**TASK ITEM:** Give the listing again in full and exactly, apart from its pictures.

**PROVIDED MATERIAL:**
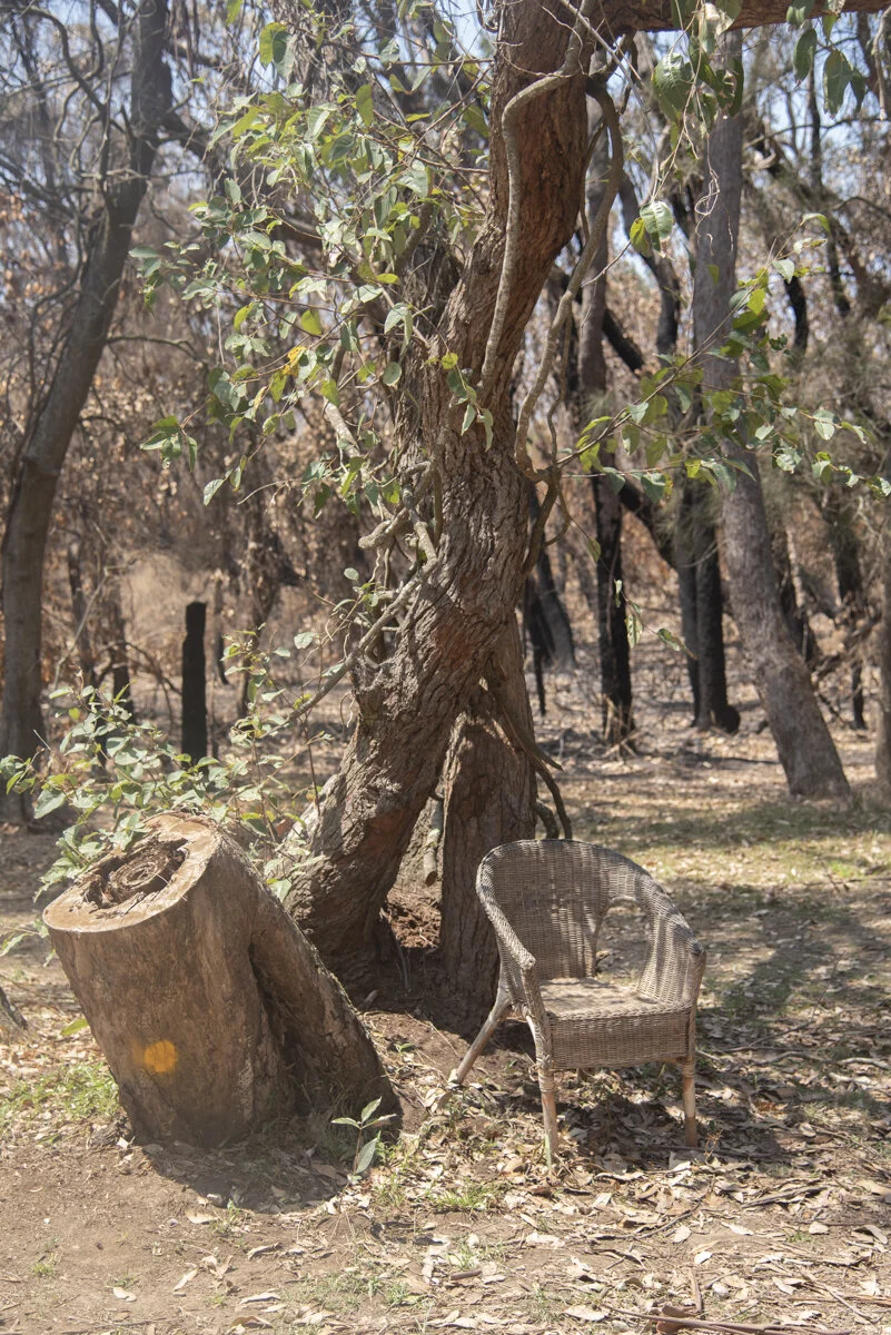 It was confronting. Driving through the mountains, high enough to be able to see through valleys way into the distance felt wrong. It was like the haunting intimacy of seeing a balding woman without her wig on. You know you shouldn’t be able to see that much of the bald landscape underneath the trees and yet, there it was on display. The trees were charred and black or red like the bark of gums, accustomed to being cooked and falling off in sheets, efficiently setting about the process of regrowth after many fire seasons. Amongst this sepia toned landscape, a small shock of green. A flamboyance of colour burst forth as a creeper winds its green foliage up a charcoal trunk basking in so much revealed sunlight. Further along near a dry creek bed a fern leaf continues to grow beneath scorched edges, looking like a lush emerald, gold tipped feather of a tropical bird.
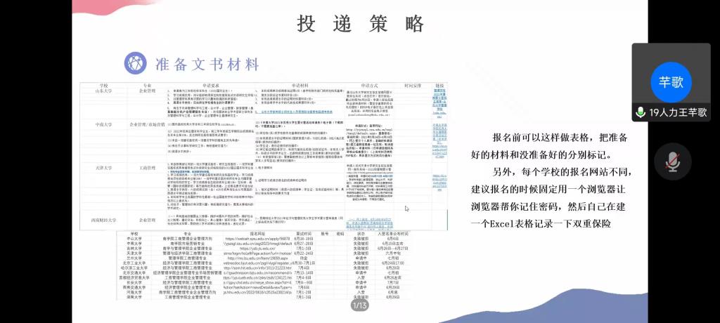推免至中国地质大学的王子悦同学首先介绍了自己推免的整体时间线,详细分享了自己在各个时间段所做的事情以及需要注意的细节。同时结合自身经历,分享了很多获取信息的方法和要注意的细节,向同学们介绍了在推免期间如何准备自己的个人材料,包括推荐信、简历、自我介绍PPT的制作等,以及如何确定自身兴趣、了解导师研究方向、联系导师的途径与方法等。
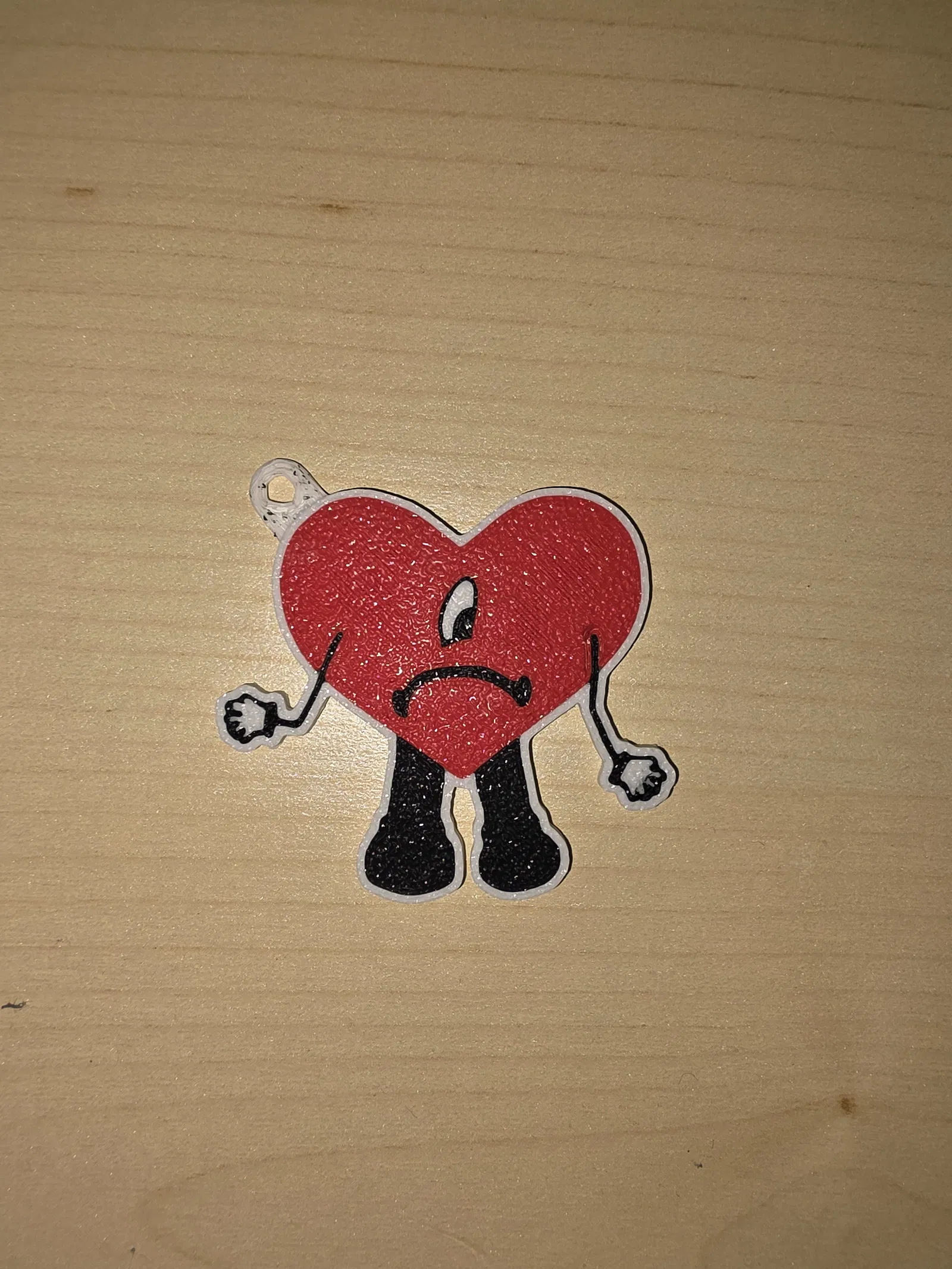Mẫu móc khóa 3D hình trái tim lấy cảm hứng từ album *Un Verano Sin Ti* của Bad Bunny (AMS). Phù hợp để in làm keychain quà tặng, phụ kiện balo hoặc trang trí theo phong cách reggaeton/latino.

**OUTPUT FOR THIS TASK:**
 It was confronting. Driving through the mountains, high enough to be able to see through valleys way into the distance felt wrong. It was like the haunting intimacy of seeing a balding woman without her wig on. You know you shouldn’t be able to see that much of the bald landscape underneath the trees and yet, there it was on display. The trees were charred and black or red like the bark of gums, accustomed to being cooked and falling off in sheets, efficiently setting about the process of regrowth after many fire seasons. Amongst this sepia toned landscape, a small shock of green. A flamboyance of colour burst forth as a creeper winds its green foliage up a charcoal trunk basking in so much revealed sunlight. Further along near a dry creek bed a fern leaf continues to grow beneath scorched edges, looking like a lush emerald, gold tipped feather of a tropical bird.
推免至中国地质大学的王子悦同学首先介绍了自己推免的整体时间线,详细分享了自己在各个时间段所做的事情以及需要注意的细节。同时结合自身经历,分享了很多获取信息的方法和要注意的细节,向同学们介绍了在推免期间如何准备自己的个人材料,包括推荐信、简历、自我介绍PPT的制作等,以及如何确定自身兴趣、了解导师研究方向、联系导师的途径与方法等。
Mẫu móc khóa 3D hình trái tim lấy cảm hứng từ album *Un Verano Sin Ti* của Bad Bunny (AMS). Phù hợp để in làm keychain quà tặng, phụ kiện balo hoặc trang trí theo phong cách reggaeton/latino.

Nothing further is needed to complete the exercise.